Possible to stay on Version 4?

The recent security Update to WP 5.0.1 also brough an update with Version 4 to 4.9.9.

I got a clients project which where build on swamp land ages ago. Every Update is Hoping nothing will happen.

Now i do think of staying with WordPress 4 for my maintained nightmare project, if they still develop important security updates.

There is also the classic editor Plugin, which isn't working for every case. Got already another Project where an very old unmaintained Plugin get unusable. I do fear even interrupting changes with placing the classic editor. It's a quite big page and i guess my client isn't willing easily to pay a refactoring which needs several weeks on programming. Of course i can test everything on a testing system..

But of course it won't be a comfortable click of a button to update. I will need to go with SVN or GitHub i guess.

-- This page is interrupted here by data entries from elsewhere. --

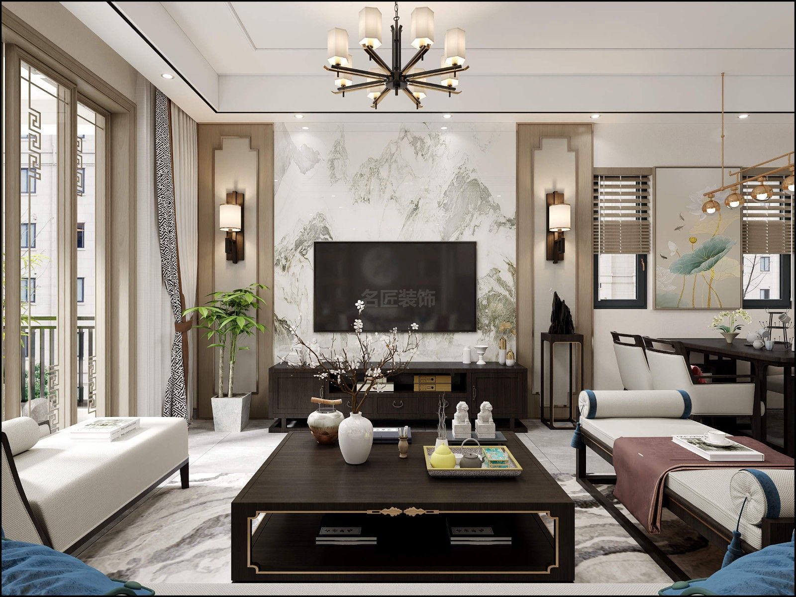 惠州201-300平米新中式風格景安花園家裝設計效果圖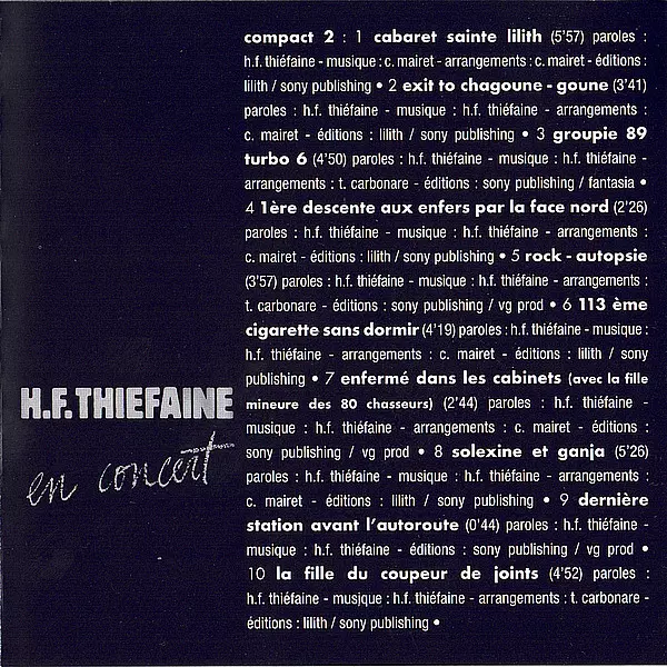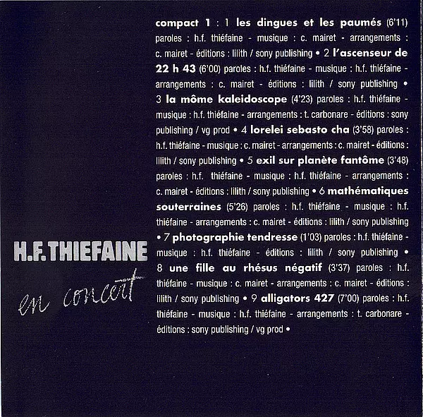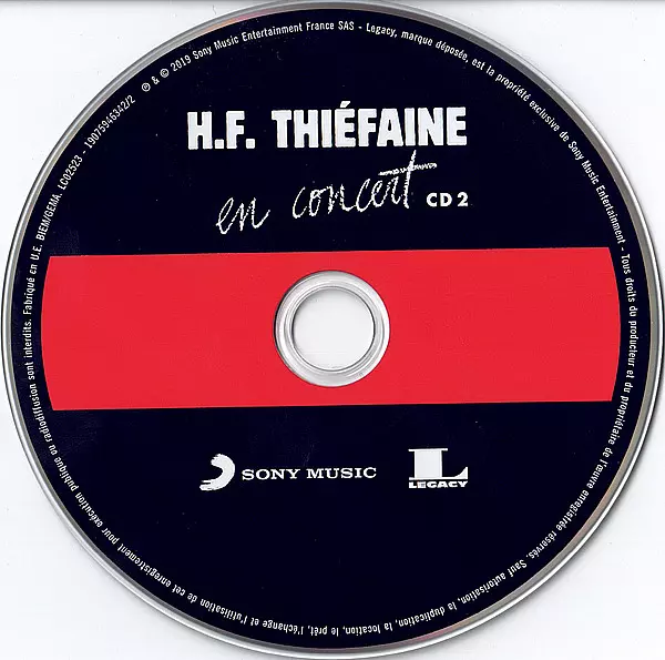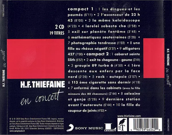 Hubert Félix Thiéfaine: En Concert Wersja na 2CD w standardowe wydanie. Ta konkretna edycja została wydana w Francja w wydawnictwie Legacy we współpracy z Sony Music dnia 5. lipca 2019. Album sięga do gatunku Rock, Pop, Pop Rock i Chanson.
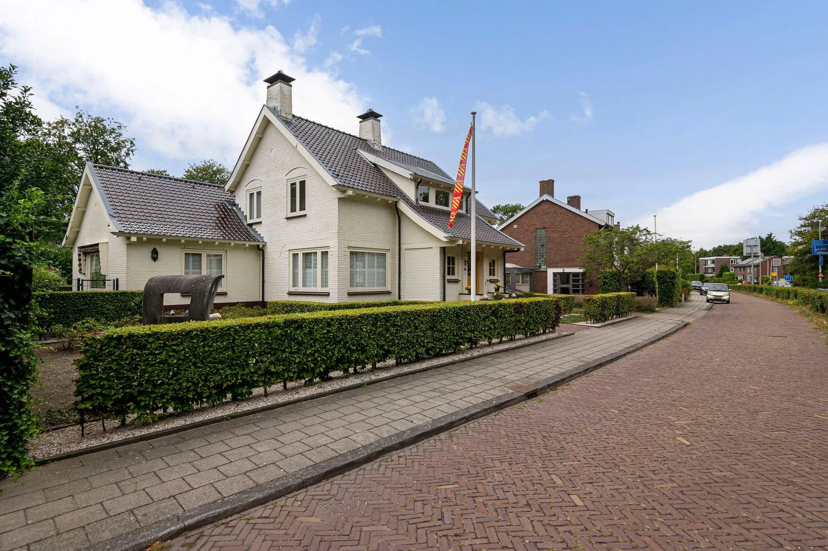 Upon arrival, you immediately notice the generous driveway, which can accommodate several cars. In addition, the villa features a spacious garage, perfect for parking your vehicles and additional storage space. The plot extends to the lane behind, the Willem Warnaarlaan, where you will also find a convenient second driveway with garage. As a result, you will always have plenty of parking and access options.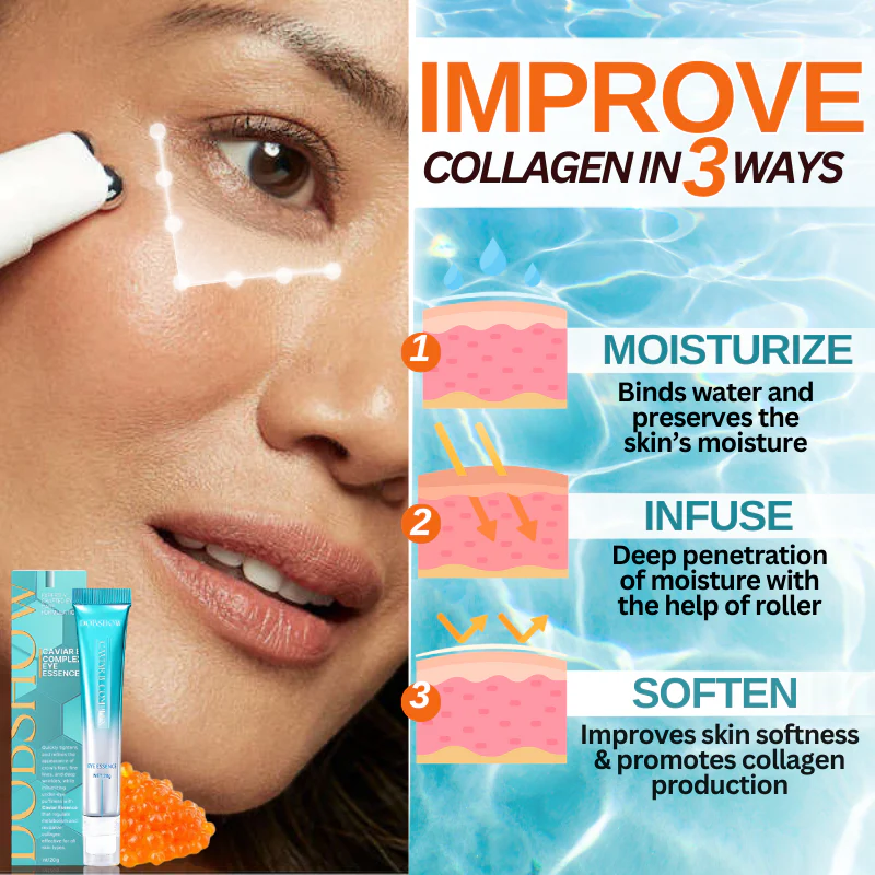 Dobshow Caviar B-Complex Eye Essence is a highly effective solution for combating signs of aging in the delicate skin around the eyes. By promoting collagen synthesis and accelerating the skin’s natural cell turnover, it results in noticeably firmer skin and a significant reduction in fine lines, wrinkles, dullness, dryness, and enlarged pores. With regular use, the skin appears more rejuvenated, vibrant, and refreshed, restoring a youthful glow that visibly defies age.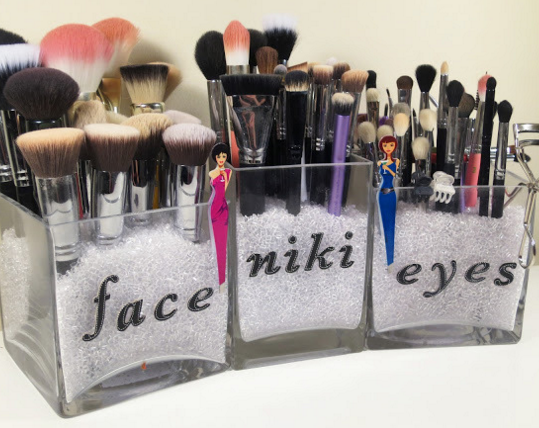 刷子們分類好分別放在收納瓶或收納袋內,刷頭朝上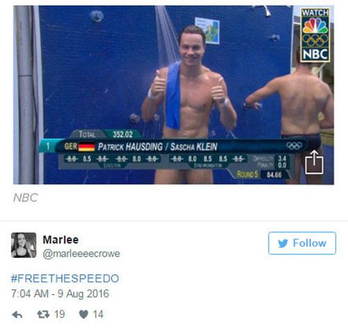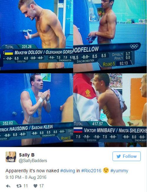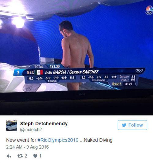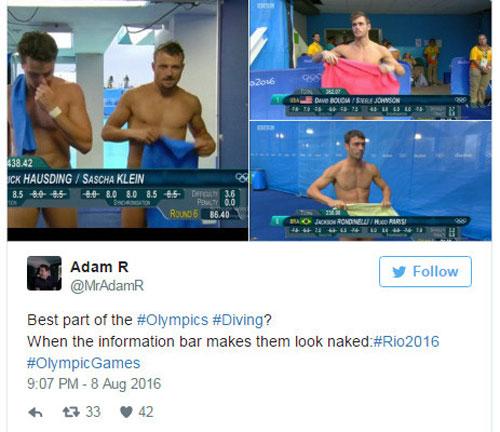 Đề tài thu hút nhiều bình luận hài hước nhất trên Twitter nhiều ngày qua chính là những hình ảnh các VĐV nhảy cầu trông như không mặc quần khi bị các bảng thông tin che đúng phần dưới. 'Phần hay nhất của Olympic, nhảy cầu chăng? Khi bảng thông tin khiến họ trông như khỏa thân', một tài khoản Twitter hài hước bình luận.
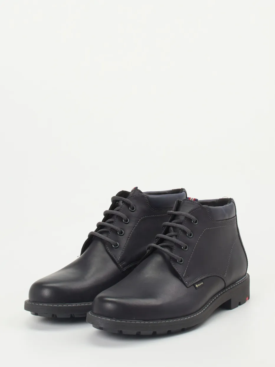 Wenn es draußen nass und windig ist, punktet dieses Modell mit seinem wind- und wasserdichten Glattleder in mattem Schwarz, ergänzt durch eine integrierte GORE-TEX-Membran. Die knöchelhohe Silhouette zeigt sich schnörkellos und betont durch tonale Ziernähte sowie ein dezentes Label. Innen sorgt ein wärmendes Lammfellfutter für Komfort, außen gewährleistet eine kräftig profilierte Gummisohle Trittsicherheit. Der gepolsterte Schaftrand und die individuelle Schnürung runden die Alltagstauglichkeit ab. Die Kombination aus Funktionalität und urbaner Zurückhaltung passt besonders zu wetterfesten Casual-Looks.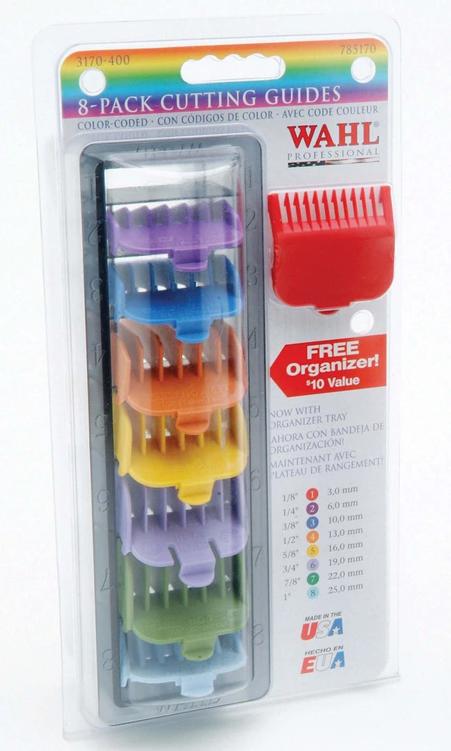 Wahl clipper attachments will fit all full size Wahl clippers. Caddie contains clipper attachments #1, #2, #3, #4, #5, #6, #7 & #8.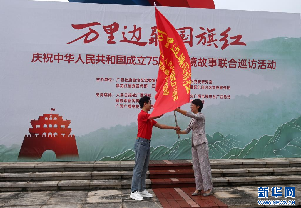 新華網南寧9月25日電(記者 陸波岸) 萬里邊疆,因國旗輝映更顯巍峨壯麗;邊境故事,隨祖國發展更加精彩紛呈。9月23日至25日,由廣西、黑龍江、云南、新疆4?。▍^)黨委宣傳部共同舉辦的“萬里邊疆國旗紅——慶祝中華人民共和國成立75周年邊境故事聯合巡訪”活動,第一站聯合巡訪活動在廣西開展。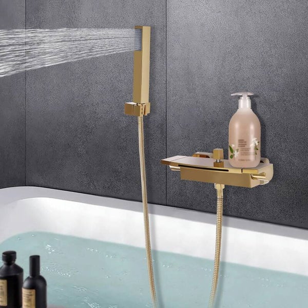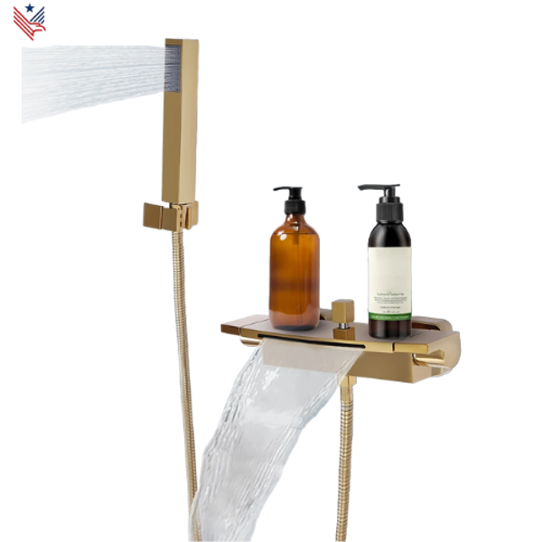 Voeg een vleugje elegantie toe aan uw badkamer met onze Waterval Badkraan voor Badkamer, voorzien van een prachtige gouden afwerking. Deze badkraan combineert stijlvol design met hoogwaardige materialen en functionaliteit voor een luxueuze douche-ervaring.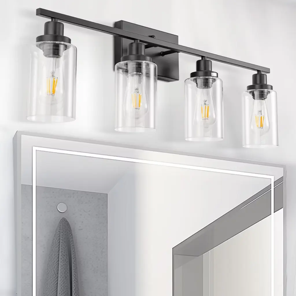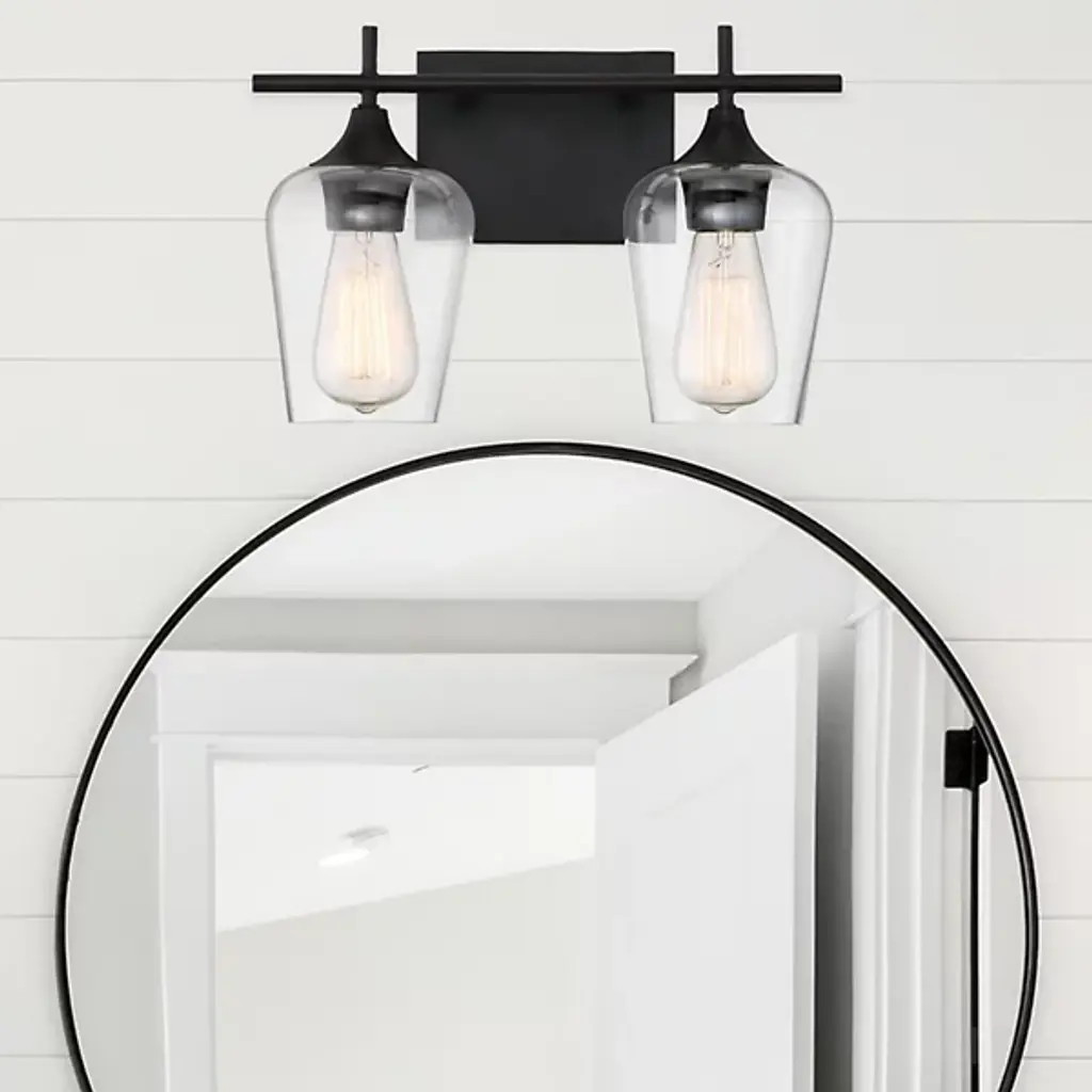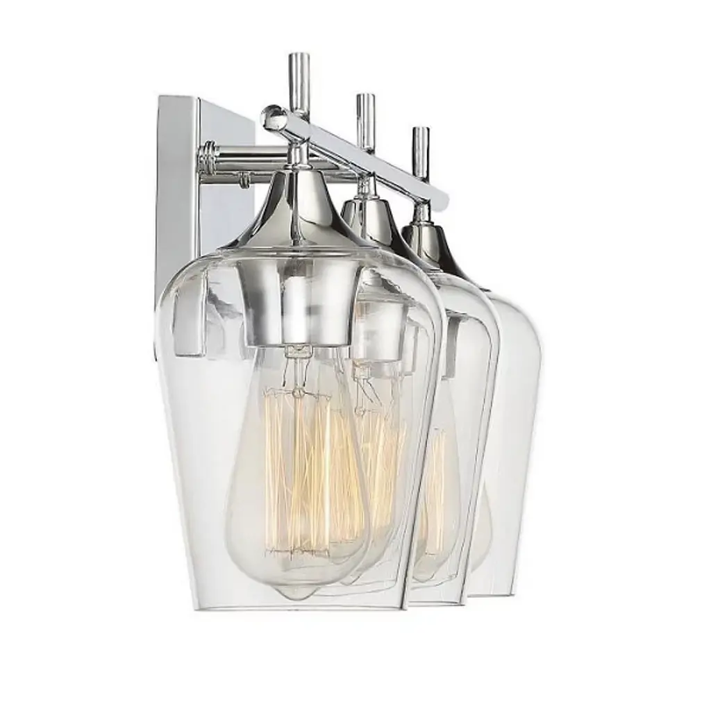 A refined design worthy of transitional or contemporary bath spaces. The Octave Vanity Light by Savoy House combines glass and metal to create a striking contrast. Transparent glass shades are held to a rectangular backplate by means of conical collars with short stems and a crossbar. This fixture is designed to accommodate incandescent bulbs of your choice and can be installed to direct the light either in the upward or downward direction for a tailored display.

Topic maintenance updates Wordpress

Category Web


Everything that is so deep in technical debt that you are afraid to touch it needs the debt to be "paid out" and relevant upgrades to be done. If not done at some point the site will just die and there will be nothing to do about it as the upgrade paths might also not be usable any more at that point.

Generally there is no problem with keeping wordpress on older release and install the security updates when they are available, but if it is just a plot to avoid handling technical debt forever (instead of waiting for a nore appropriate time) then the end will be grim.


It is not recommended in any way to maintain a website on the 4.9.9 WordPress release to support legacy code that is poorly written. Although some of the security patches may be backported, scriptbots will target your website seeking out known exploits to access user data. According to WordPress:

"The only current officially supported version is WordPress 5.0.1. Previous major releases before this may or may not get security updates as serious exploits are discovered... WordPress will be backported security updates when possible, but there are no guarantee and no timeframe for older releases. There are no fixed period of support nor Long Term Support (LTS) version such as Ubuntu's. None of these are safe to use, except the latest series, which is actively maintained."

Explaining this to your client directly & making clear the security risks is most important. Create a development sandbox on a subdomain & test the WordPress updates for compatibility before you commit the changes to the live production website.